(Material supplied)

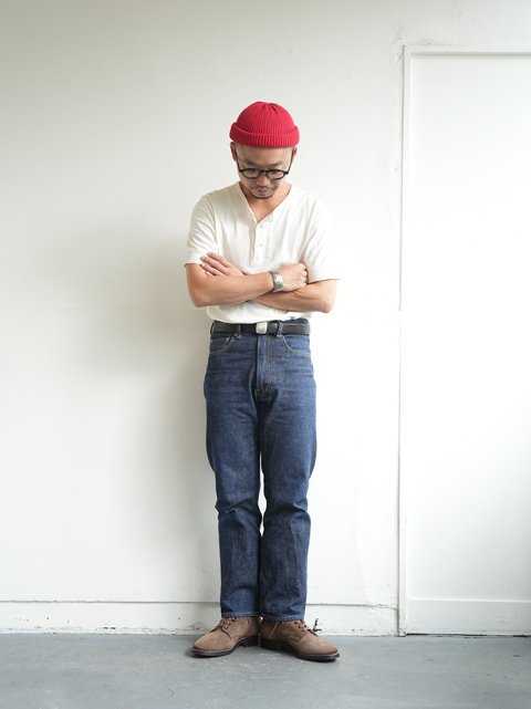 色味も絶妙で、ブルージーンズに合う事は間違いなく、ブラック系、カーキのチノにも良さそう。
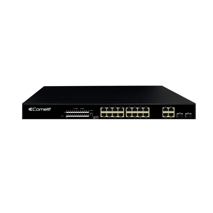 Switch di rete a 16 porte PoE + 4 uplink + 2 slot SFP, gigabit.
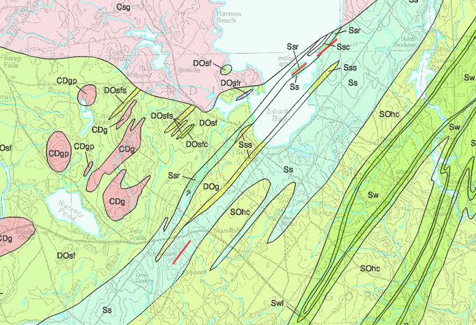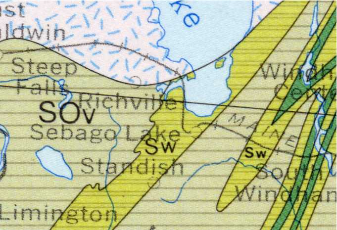 Figure 1a. Section of a 1:100,000 scale bedrock map of the area near Sebago Lake. Note the many small plutons to the southwest of the lake. Also note the width and shape of the small ribbon units in the eastern portion of the image. The contacts on this map have been generalized on the 1:500,000 scale bedrock map shown in Figure 1b.
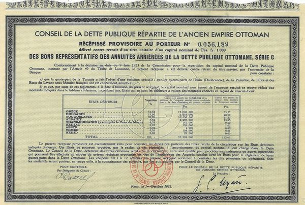 Bons Représentatifs des Annuités Arriérées de la Dette Publique Ottomane "Série C" 1933
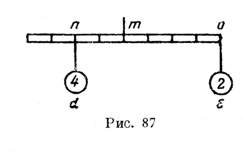 В этом необычайно сложном рассуждении относительно крайне простого соотношения видны не только отмеченные уже выше неопытность и неловкость, смутное представление о рассматриваемом предмете, но и заведомое желание запутать читателя или, кернер, слушателя, подводя его после долгих математических выкладок к правильному решению. Вспомним, что Леонардо вообще не чужда была любовь к позированию, что, невидимому, проявляется и в данном случае. Не оставались; вне всякого сомнения, без влияния на данную аргументацию и сложные алгебраических выкладки доказательств "Книги Карастуна" Невидимому как раз в это время изучавшейся Леонардо. Но чем бы ни объяснялись явные недостатки приведенного выше способа, прав Марколонго, который, полемизируя с Шустером, подчеркивает, что в этом способе мы имеем только раннюю стадию леопардовых знаний. Позднее, уже во второе флорентийское пребывание, Леонардо нашел значительно более простой способ решения той же задачи. Действительно, как раз на первой странице "Кодекса Арундель", в котором Леонардо в 1508 г. предполагал, очевидно, изложить основы механики, хотя еще не в окончательном порядке, но все же в некоем предварительном тематическом подборе, он дает в следующих выражениях основу основ механики — задачу на нахождение груза на противорычаге при известных плечах и грузе на рычаге: "Помножь деления плеча рычага на фунты подвешенного к нему груза и произведение раздели на деления противорычага частное будет равно противовесу, который, будучи подвешен на противорычаге, сопротивляется опусканию груза на рычаге. "Например: 2 nт помножь на вес d, что дает 8, раздели их на 4 то, получается 2, и это 2 есть противовес, который, будучи помещен в ое, сопротивляется опусканию 4, помещенных в nd (рис. 87).
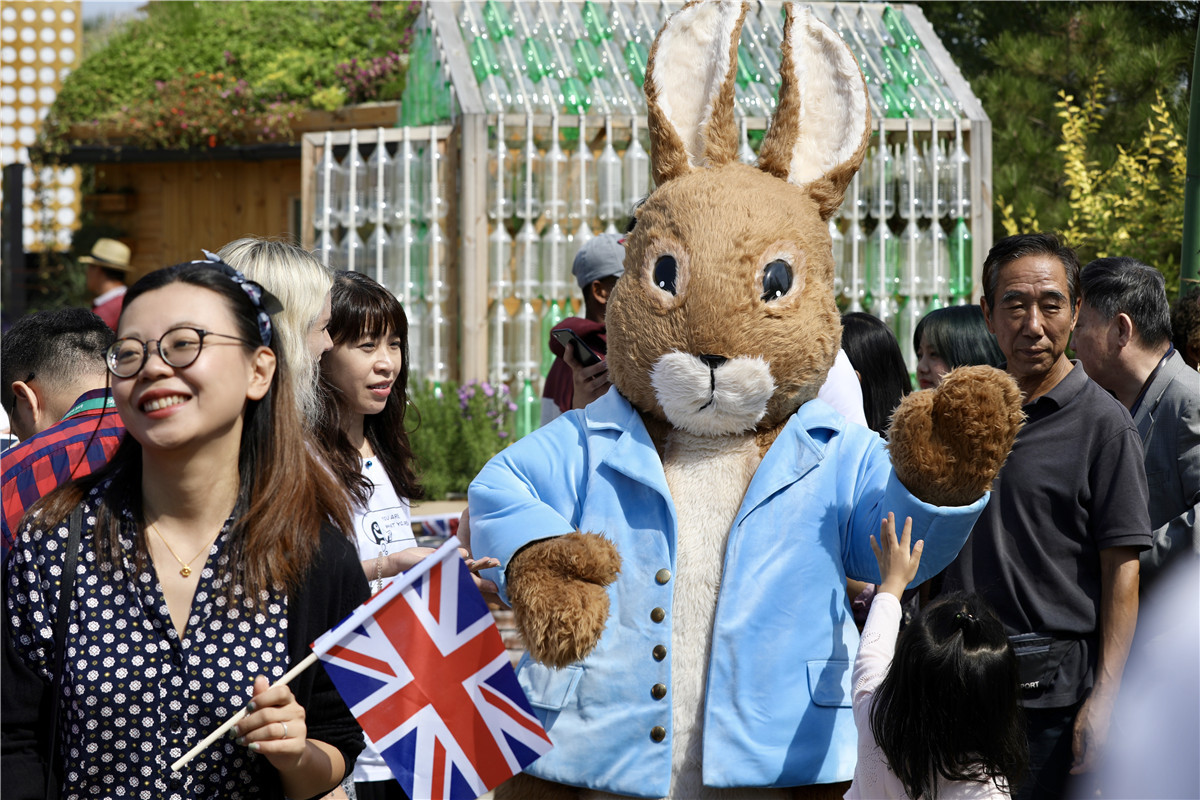 Peter Rabbit meets visitors at the Britain Garden during the Beijing International Horticultural Exhibition in Yanqing district of Beijing, capital of China, Sept 17, 2019. The expo kicked off its UK Day event on Tuesday. [Photo by Zhu Xingxin/chinadaily.com.cn]
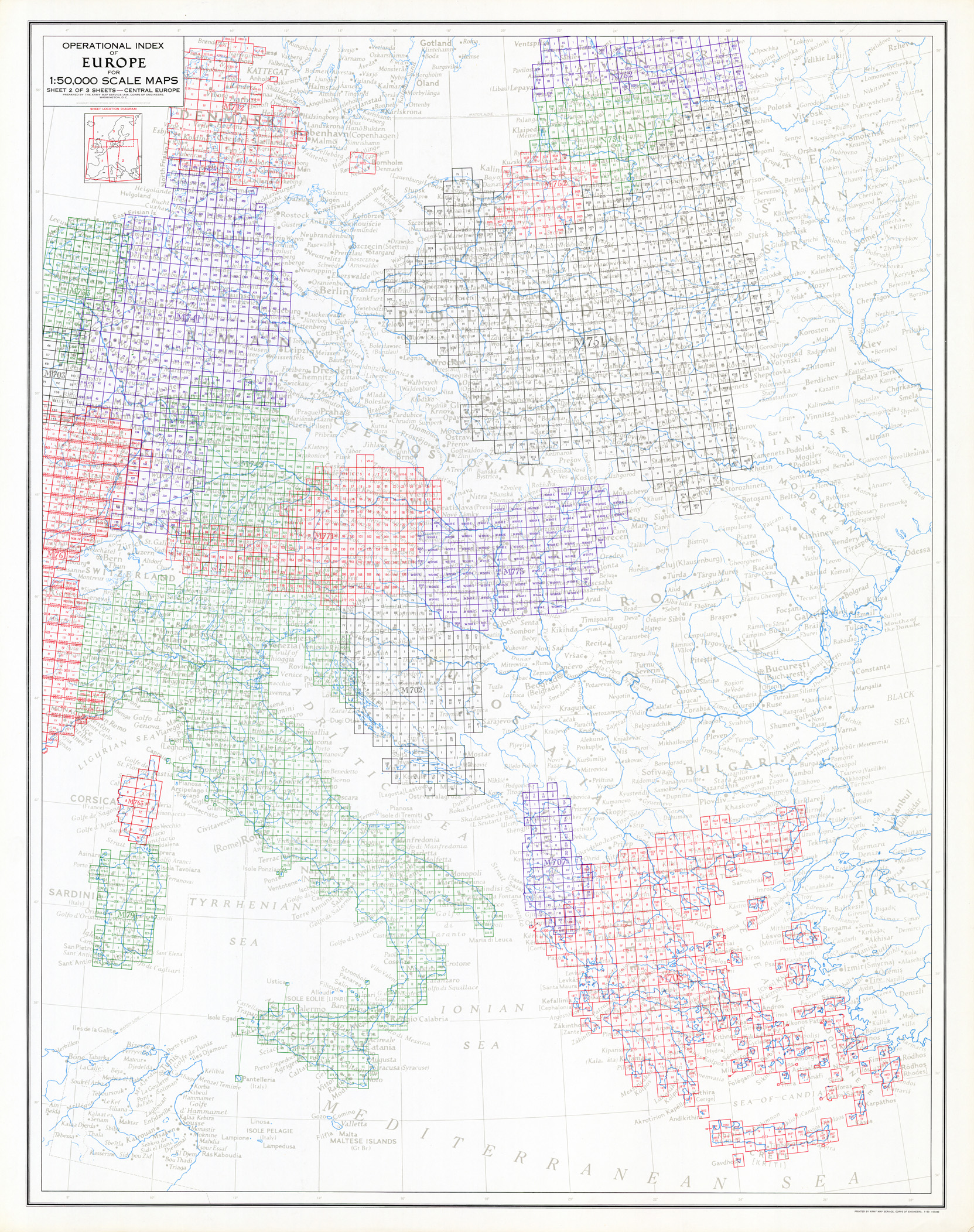 "Quadri d' unione per la cartografia d' Europa alla scala 1:50.000 by the army map service,corp of engineers, Washington, D. C."
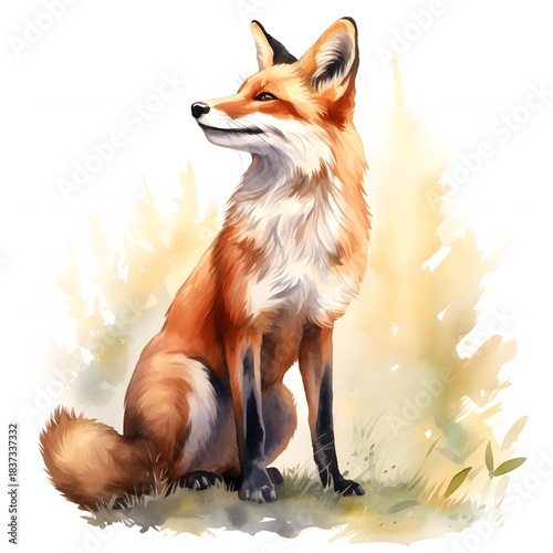 © Studicon, Obraz premium Watercolor illustration of a fox sitting in a grassy field looking into the distance
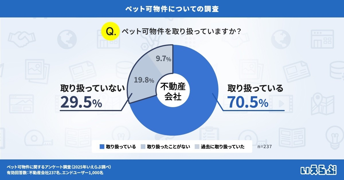 不動産業界特化のDX支援サービスを展開する、株式会社いえらぶGROUP(本社:東京都新宿区、代表取締役:岩名泰介、以下「いえらぶGROUP」)は、不動産会社・エンドユーザーに対して「住まい探しにおけるペット可物件に関してのアンケート調査」を実施しました。不動産会社237名、エンドユーザー1,000名、有効回答1,237件の調査結果を発表します。
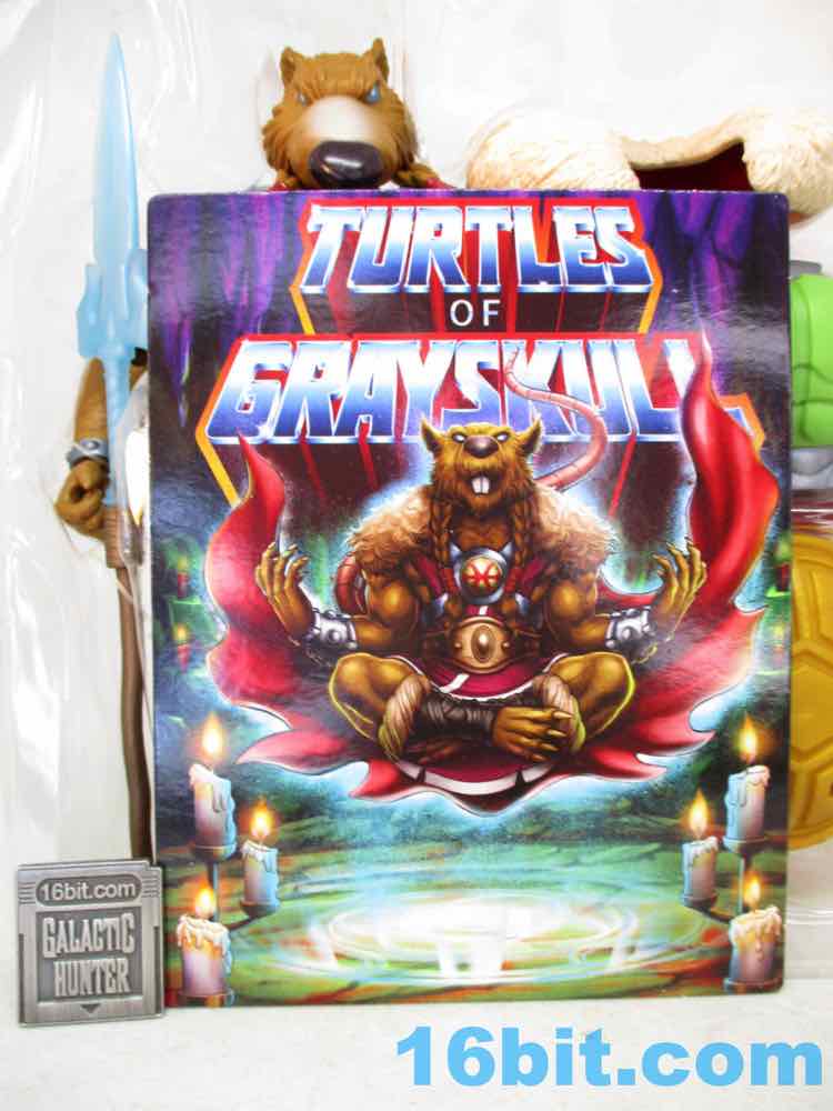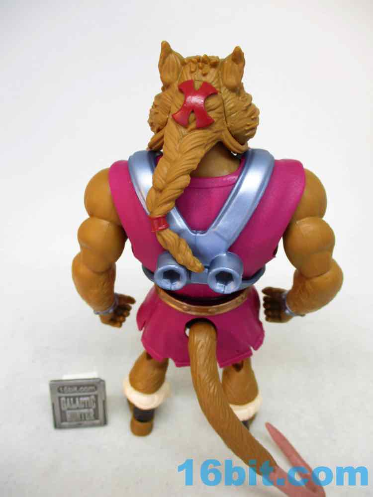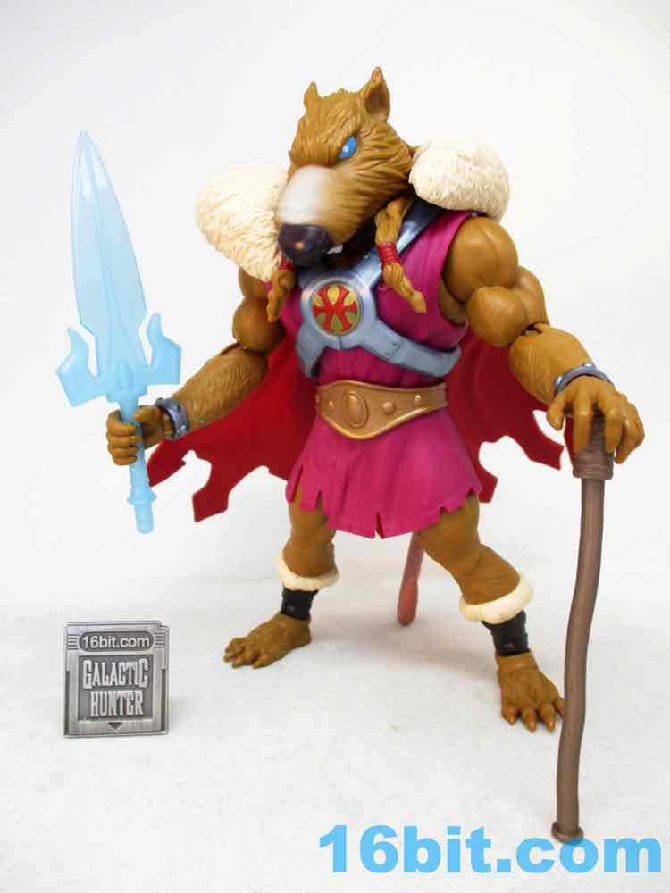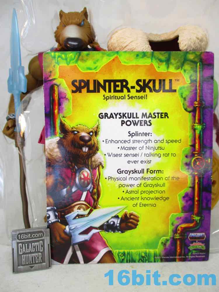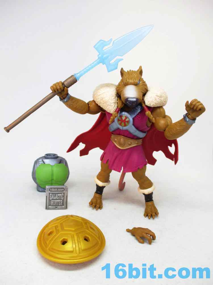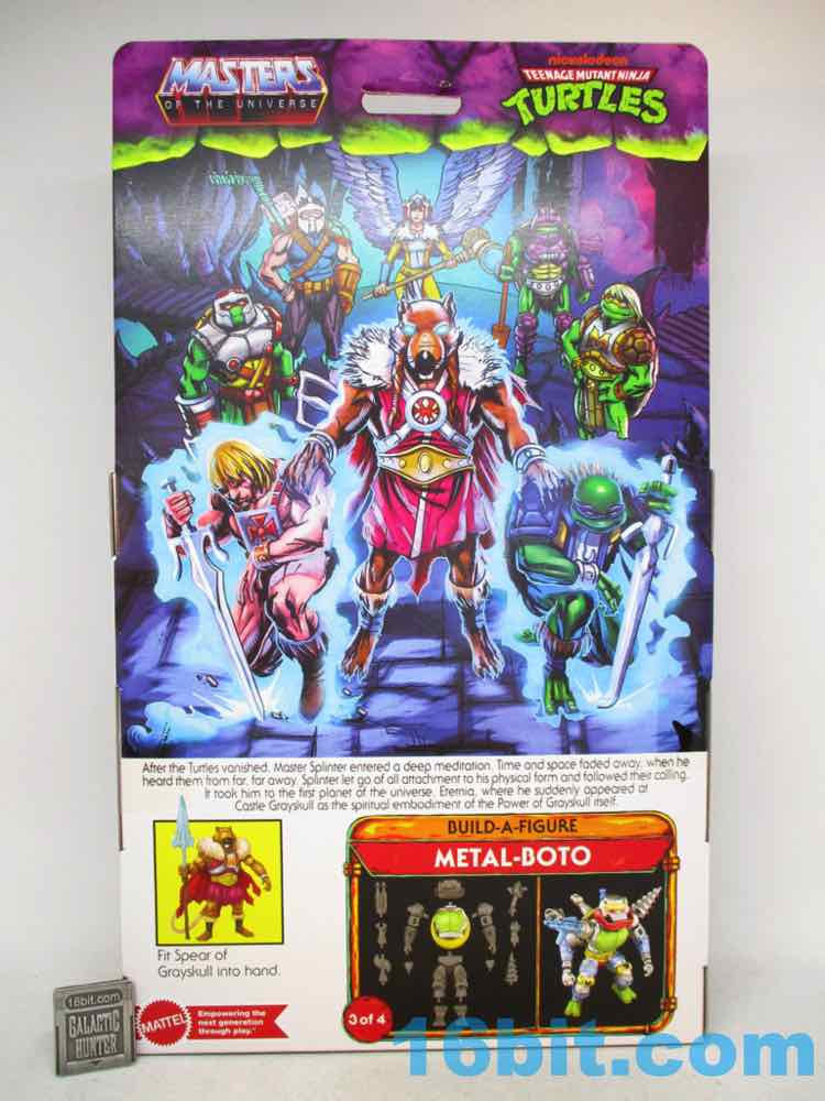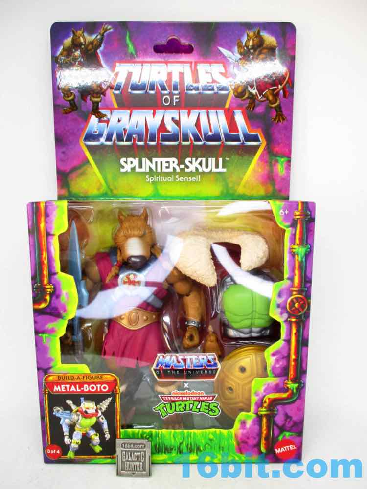 I'm surprised Splinter-Skull, a Target-exclusive mash-up of Splinter and King Grayskull, didn't recycle more parts. The vessel that brings you Metal-Boto's torso and shell comes with a pretty good whole figure in its own right, which has a plastic furry cape and a clear blue sword that greatly resemble - but are not - the same accessories with Eternia's former warrior king. I assume kitbashers will enjoy buying this figure to steal his parts to customize one, if they missed it. (King Grayskull from Eternia presently closes for $140 or more on the Bay of E.)
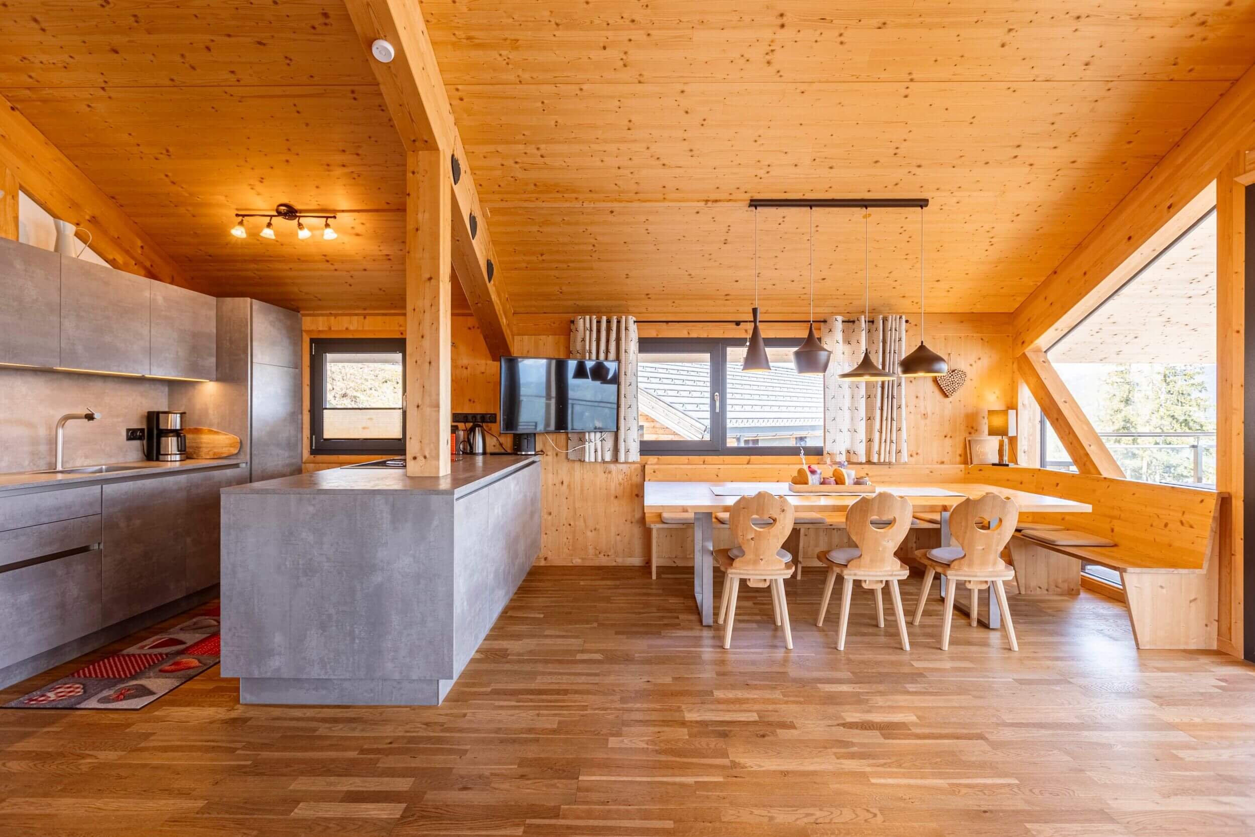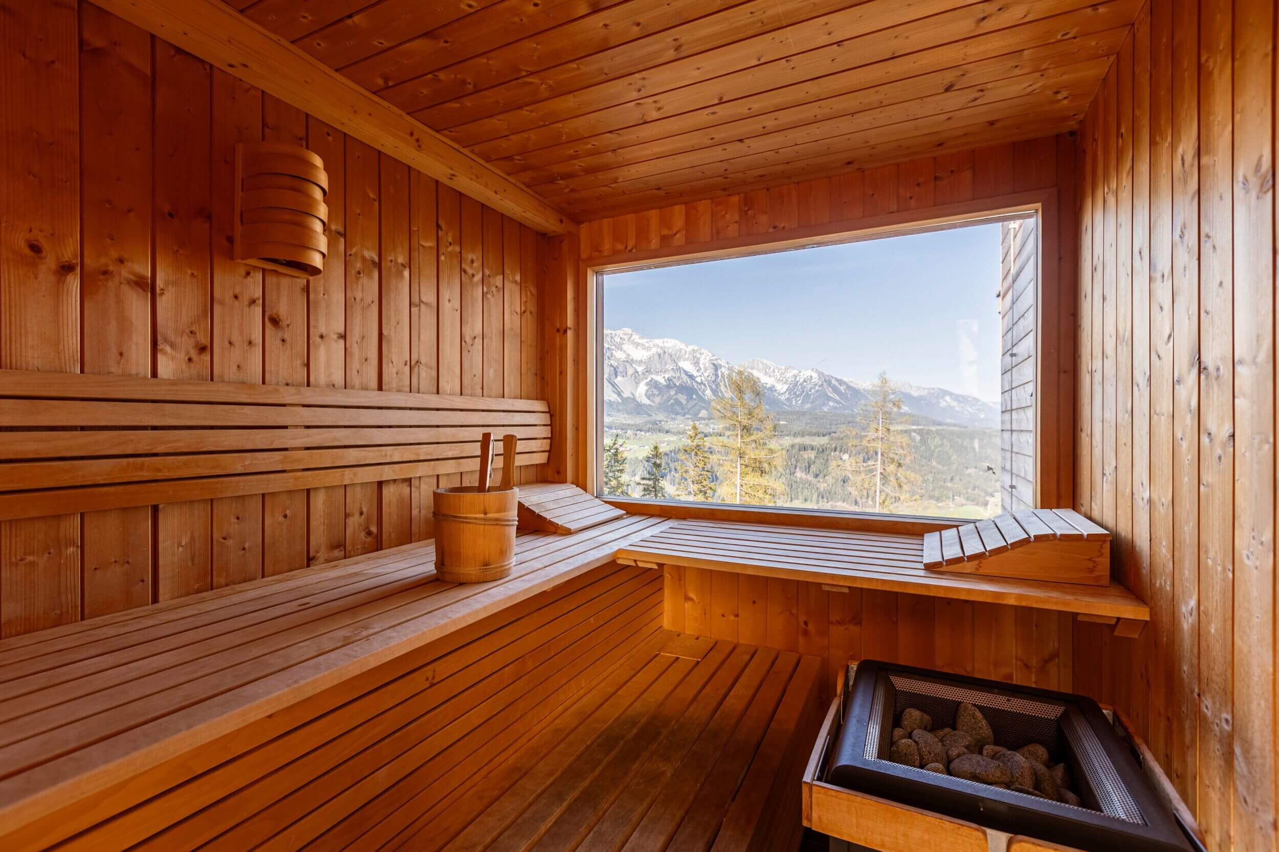 Lassen Sie sich von den ersten Sonnenstrahlen, durch das große Panoramafenster wecken. Genießen Sie einen imposanten Ausblick auf den Dachstein und auf Schladming. Auch die Ausstattung Ihres Ruhepols lässt keine Wünsche übrig. Hochwertige Designermöbel, eine vollausgestattete Küche und vor allem die Wellnesseinrichtungen begeistern Familien, Freundesgruppen und all jene, die im Herzen der Steiermark ausspannen möchten. Nach einem aufregenden Skitag in oder nach einer ausgiebigen Wandertour tanken Sie in der Sauna, in der Indoor-Whirlwanne oder im Outdoor-Whirlpool neue Kräfte. Erholung im Chalet war noch nie so einfach.

(End Material supplied)

• About this exercise: Include the first line of the records, the line containing "Bons Représentatifs des", and every line between them, repeated exactly. Skip the pictures.

• Completed task:
 色味も絶妙で、ブルージーンズに合う事は間違いなく、ブラック系、カーキのチノにも良さそう。
 Switch di rete a 16 porte PoE + 4 uplink + 2 slot SFP, gigabit.
 Figure 1a. Section of a 1:100,000 scale bedrock map of the area near Sebago Lake. Note the many small plutons to the southwest of the lake. Also note the width and shape of the small ribbon units in the eastern portion of the image. The contacts on this map have been generalized on the 1:500,000 scale bedrock map shown in Figure 1b.
 Bons Représentatifs des Annuités Arriérées de la Dette Publique Ottomane "Série C" 1933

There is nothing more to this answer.